Черчилль быстро погрузился в жизнь профессионального военного. В Сандхерсте изучали пять предметов: фортификацию, тактику, топографию, военное право и военное администрирование. «Все занятия очень интересны и крайне необходимы, – сообщал он отцу на десятый день. – Патроны и снаряды всех видов, мосты, пушки, сражения и осады, картографирование, ведение полковой бухгалтерии, инспектирование и т. п., а также построения и строевая подготовка».
Лорд Рэндольф, однако, не оставлял придирок и выражал недовольство стилем сыновних писем. «Мне ужасно жаль, что папе не нравятся мои письма, – писал Черчилль матери. – Я тружусь над ними и часто даже переписываю целые страницы. Но если я подробно описываю мою жизнь здесь, получаю замечание, что стиль мой слишком сентенциозен и высокопарен; если в другой раз я пишу ясно и просто, это расценивается как леность. У меня никогда не получается как надо. Кстати, должен сказать, что я веду себя чрезвычайно хорошо. Никогда не опаздываю и всегда появляюсь за пять минут до начала построения или занятия».

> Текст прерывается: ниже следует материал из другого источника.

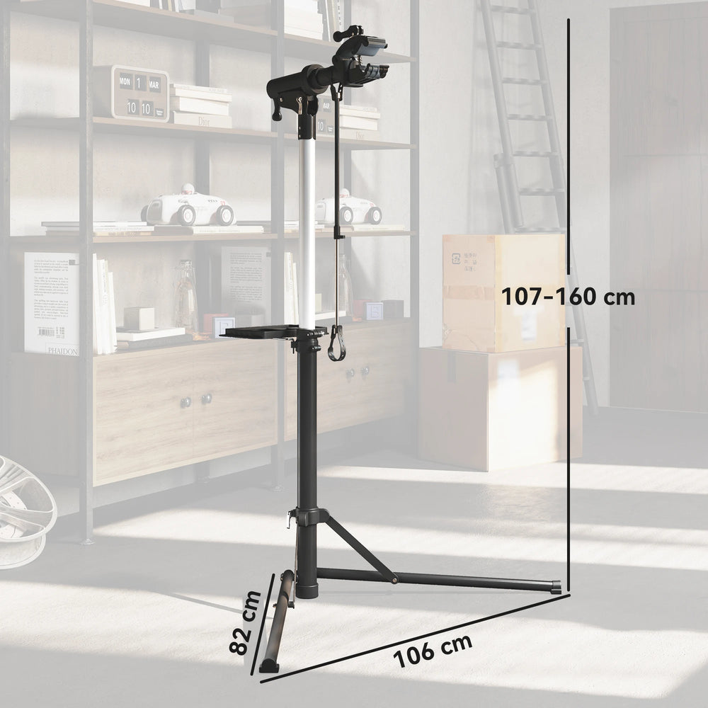 - Adjustable bike stand: Easily adjust the height from 107-160cm. The 360 clamp lets you access every part of your bike, while the grab bar securely locks handlebars and frames in place.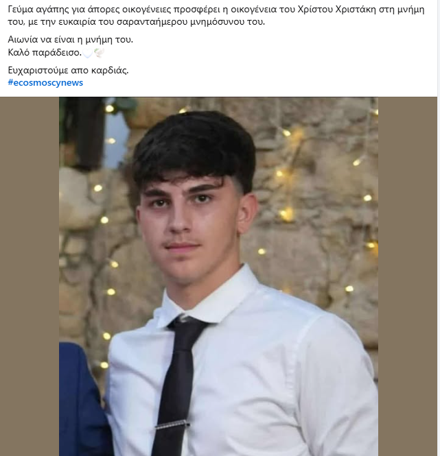 Με δάκρυα στα μάτια αλλά και με μια πράξη γεμάτη αγάπη, η οικογένεια του 19χρονου Χρίστου Χριστάκη, που έφυγε πρόωρα από τη ζωή ύστερα από τραγικό ατύχημα, τίμησε τη μνήμη του με έναν διαφορετικό τρόπο: προσφέροντας γεύμα σε άπορες οικογένειες.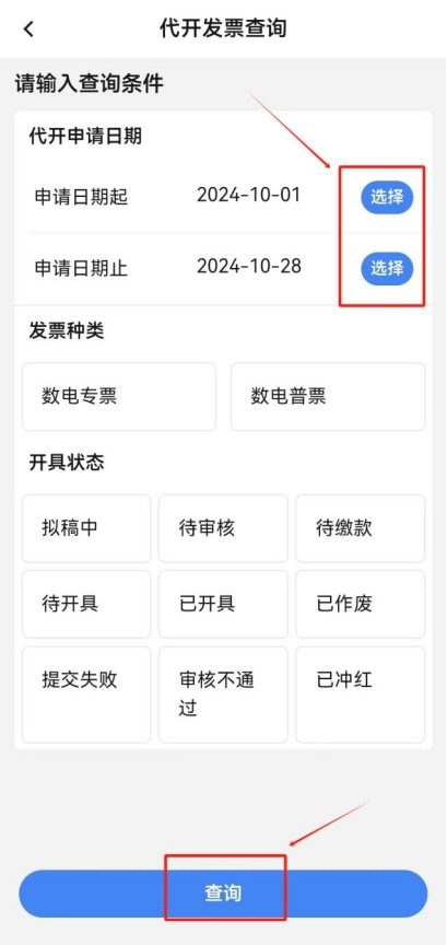 點(diǎn)擊首頁(yè)“代開(kāi)增值稅發(fā)票”,點(diǎn)擊“代開(kāi)發(fā)票信息查詢”,選擇提交申請(qǐng)的起止日期,點(diǎn)擊頁(yè)面下方的“查詢”。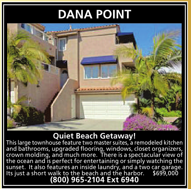 DANA POINT Quiet Beach Getaway! This largetownhousefeature twomastersuites, aremodeledkitchen andbathrooms,upgradedflooring, windows,closet organizers, crownmolding, andmuchmore. Thereisaspectacular viewof theocean andisperfect forentertainingorsimply watchingthe sunset. Italso features an insidelaundry,and atwo cargarage. Its just ashort walk to the beach and the harbor. $699,000 (800) 965-2104 Ext 6940 See also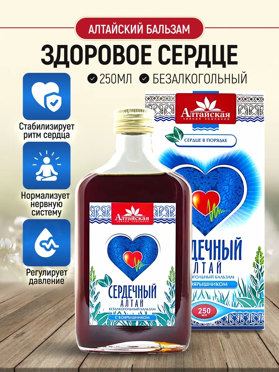: Бальзам Сердечный Алтай с добавлением боярышника создан для поддержания здоровья сердечно-сосудистой системы и общего самочувствия. Боярышник славится своими полезными характеристиками: он помогает при проблемах с сердцем, улучшает кровообращение в мозговых сосудах и способствует снижению нервной возбудимости. Этот бальзам также эффективно устраняет умственную и физическую усталость, но результат может различаться в зависимости от индивидуальных особенностей организма.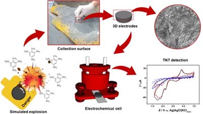 We present a collector-detector device for the electrochemical analysis of explosives in post-explosion residues fabricated by a desktop 3D printer and a conductive filament made of recycled polylactic acid (PLA), carbon black and graphite.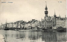 Rechts, een Kaap Hoorn-vaarder gemeerd langs de Keizerskaai nabij de stedelijke opslagplaatsen. Zij voerden guano (natuurlijke meststof) in uit Chili. Links, een aantal stoomtreilers
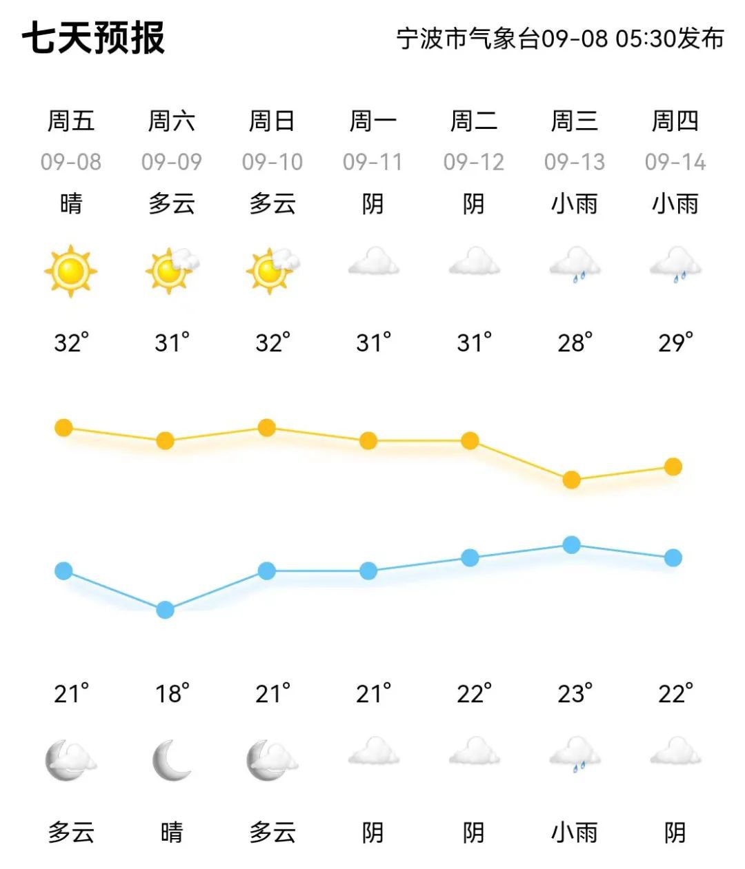 据市气象台6时消息,今天到明天多云。今天到明天东北风3级。今天最高气温31℃~33℃,明天最低气温20℃~22℃。
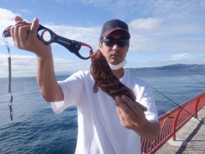 アコウ | 25cm | 1匹 | 落とし込み ジグヘッド20g ハリス5号 オモリなし 竿3m 棚底 | バナメイエビ |
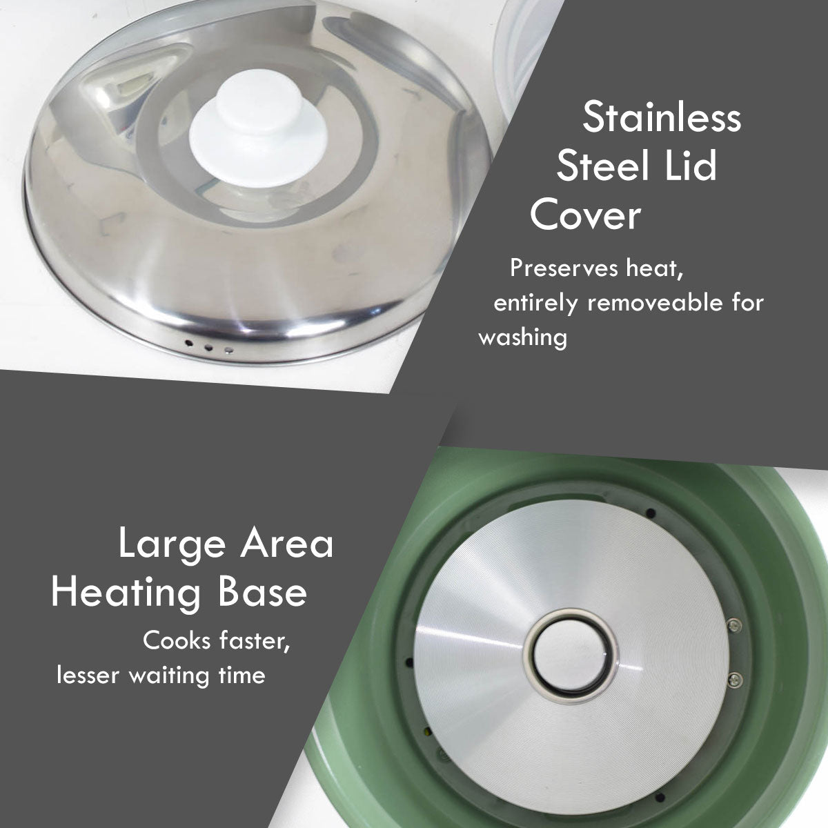 Use the aluminium Steamer to steam meat, seafood or vegetables, which release nutrients and add flavours while the rice or porridge is cooking below; saving time and energy to efficiently prepare a complete meal.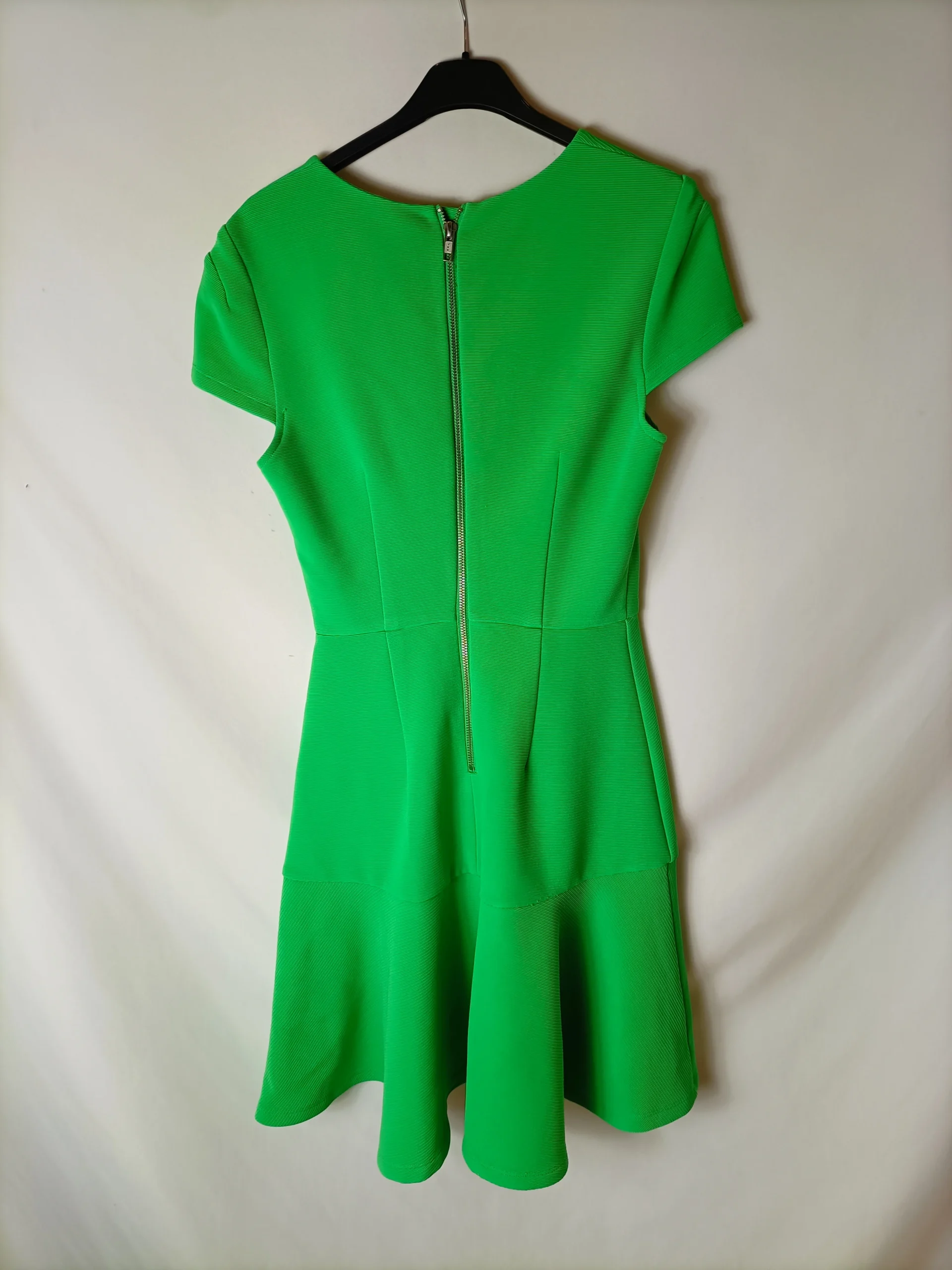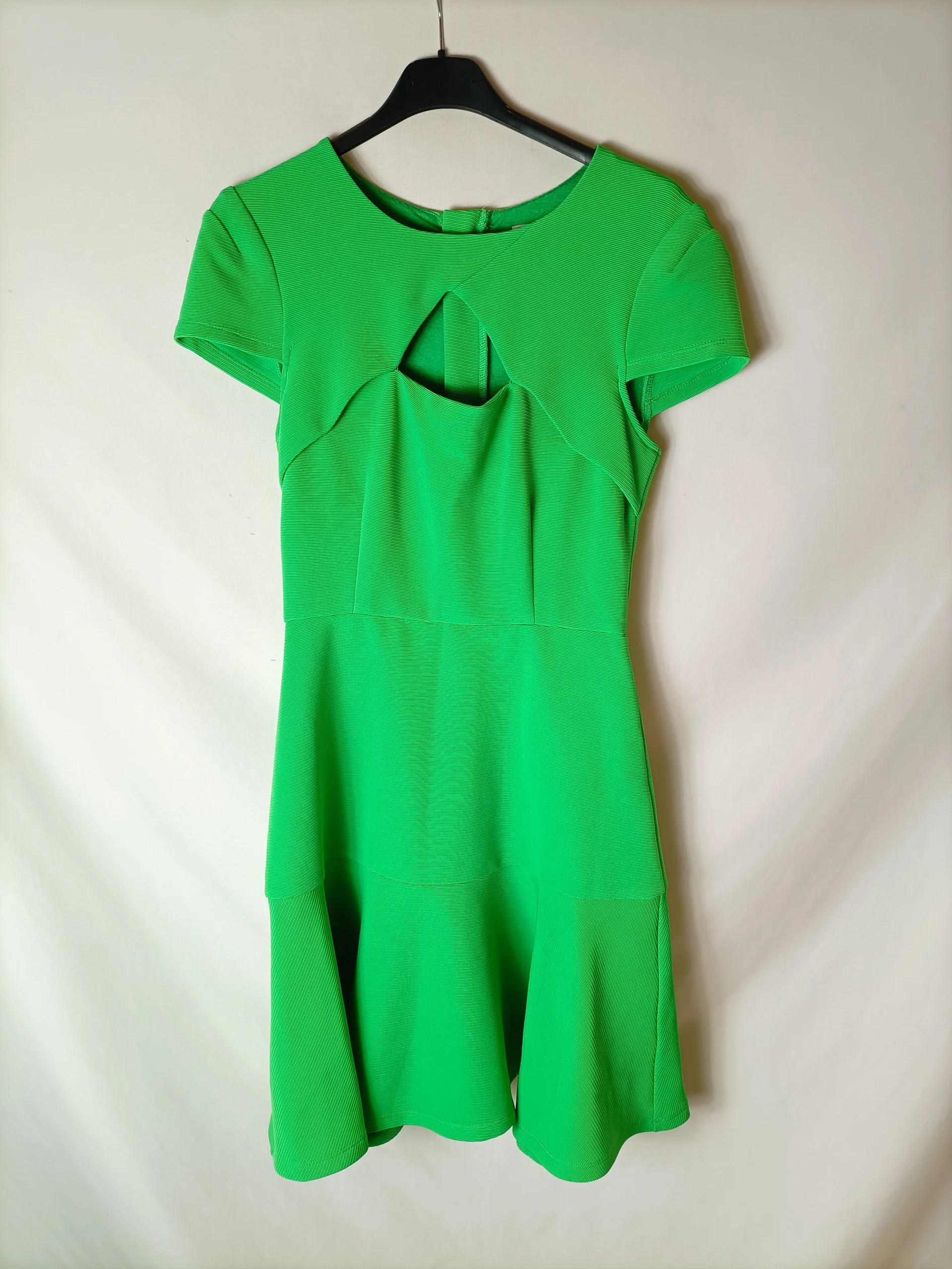 vestido corto verde con abertura delanteras, tejido elástico.

Письма Черчилля к родителям полны энтузиазма. «Сегодня, – писал он отцу 20 сентября, – мы учились вязать различные узлы и соединять балки. Еще мы ходили на натурные зарисовки местности». Он учился стрелять из винтовки и из револьвера. «В понедельник мы занимались стрельбами из новой 12-фунтовой пушки, которая только что поступила на вооружение в артиллерию, – гордо сообщил он матери. – Пока я никуда не опаздывал, а здесь как минимум шесть различных мероприятий per diem[4]». От миссис Эверест по-прежнему приходили такие же заботливые советы, какие он получал от нее в Харроу: «Не находись подолгу на солнце в такую жаркую погоду, дорогой», «Не влезай в долги и не водись с плохой компанией» и т. п.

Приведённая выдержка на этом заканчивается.